• **EXERCISE**: Present the data once more in exactly its original form.

• **SUPPLIED INFORMATION**:

_ _ _ _

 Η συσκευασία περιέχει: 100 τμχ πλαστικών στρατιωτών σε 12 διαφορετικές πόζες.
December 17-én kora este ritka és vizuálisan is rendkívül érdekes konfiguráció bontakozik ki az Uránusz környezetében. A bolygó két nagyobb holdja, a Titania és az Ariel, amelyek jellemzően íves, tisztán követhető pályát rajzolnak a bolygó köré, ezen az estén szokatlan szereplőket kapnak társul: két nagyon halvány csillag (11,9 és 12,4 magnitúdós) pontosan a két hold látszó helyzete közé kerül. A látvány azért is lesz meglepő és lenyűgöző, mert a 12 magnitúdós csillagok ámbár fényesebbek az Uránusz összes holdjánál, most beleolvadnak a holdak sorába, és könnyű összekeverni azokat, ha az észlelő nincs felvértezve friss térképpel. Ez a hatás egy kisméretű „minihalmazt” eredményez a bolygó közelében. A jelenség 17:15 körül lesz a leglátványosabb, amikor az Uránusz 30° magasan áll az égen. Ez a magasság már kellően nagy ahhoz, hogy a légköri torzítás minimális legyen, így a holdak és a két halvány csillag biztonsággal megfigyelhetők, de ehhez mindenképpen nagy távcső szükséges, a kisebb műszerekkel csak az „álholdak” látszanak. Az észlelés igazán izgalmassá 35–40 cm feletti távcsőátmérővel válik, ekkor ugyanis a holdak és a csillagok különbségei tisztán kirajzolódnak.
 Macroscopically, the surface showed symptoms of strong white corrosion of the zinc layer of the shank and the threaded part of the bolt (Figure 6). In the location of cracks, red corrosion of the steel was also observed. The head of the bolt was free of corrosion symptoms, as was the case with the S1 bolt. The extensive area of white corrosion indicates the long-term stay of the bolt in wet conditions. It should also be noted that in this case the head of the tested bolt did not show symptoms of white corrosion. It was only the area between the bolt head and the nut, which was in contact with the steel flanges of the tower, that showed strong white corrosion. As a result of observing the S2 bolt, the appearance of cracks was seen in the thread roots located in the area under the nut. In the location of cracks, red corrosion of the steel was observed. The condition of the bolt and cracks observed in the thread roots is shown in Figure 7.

_ _ _ _

• **EXERCISE OUTPUT**:
 Η συσκευασία περιέχει: 100 τμχ πλαστικών στρατιωτών σε 12 διαφορετικές πόζες.
December 17-én kora este ritka és vizuálisan is rendkívül érdekes konfiguráció bontakozik ki az Uránusz környezetében. A bolygó két nagyobb holdja, a Titania és az Ariel, amelyek jellemzően íves, tisztán követhető pályát rajzolnak a bolygó köré, ezen az estén szokatlan szereplőket kapnak társul: két nagyon halvány csillag (11,9 és 12,4 magnitúdós) pontosan a két hold látszó helyzete közé kerül. A látvány azért is lesz meglepő és lenyűgöző, mert a 12 magnitúdós csillagok ámbár fényesebbek az Uránusz összes holdjánál, most beleolvadnak a holdak sorába, és könnyű összekeverni azokat, ha az észlelő nincs felvértezve friss térképpel. Ez a hatás egy kisméretű „minihalmazt” eredményez a bolygó közelében. A jelenség 17:15 körül lesz a leglátványosabb, amikor az Uránusz 30° magasan áll az égen. Ez a magasság már kellően nagy ahhoz, hogy a légköri torzítás minimális legyen, így a holdak és a két halvány csillag biztonsággal megfigyelhetők, de ehhez mindenképpen nagy távcső szükséges, a kisebb műszerekkel csak az „álholdak” látszanak. Az észlelés igazán izgalmassá 35–40 cm feletti távcsőátmérővel válik, ekkor ugyanis a holdak és a csillagok különbségei tisztán kirajzolódnak.
 Macroscopically, the surface showed symptoms of strong white corrosion of the zinc layer of the shank and the threaded part of the bolt (Figure 6). In the location of cracks, red corrosion of the steel was also observed. The head of the bolt was free of corrosion symptoms, as was the case with the S1 bolt. The extensive area of white corrosion indicates the long-term stay of the bolt in wet conditions. It should also be noted that in this case the head of the tested bolt did not show symptoms of white corrosion. It was only the area between the bolt head and the nut, which was in contact with the steel flanges of the tower, that showed strong white corrosion. As a result of observing the S2 bolt, the appearance of cracks was seen in the thread roots located in the area under the nut. In the location of cracks, red corrosion of the steel was observed. The condition of the bolt and cracks observed in the thread roots is shown in Figure 7.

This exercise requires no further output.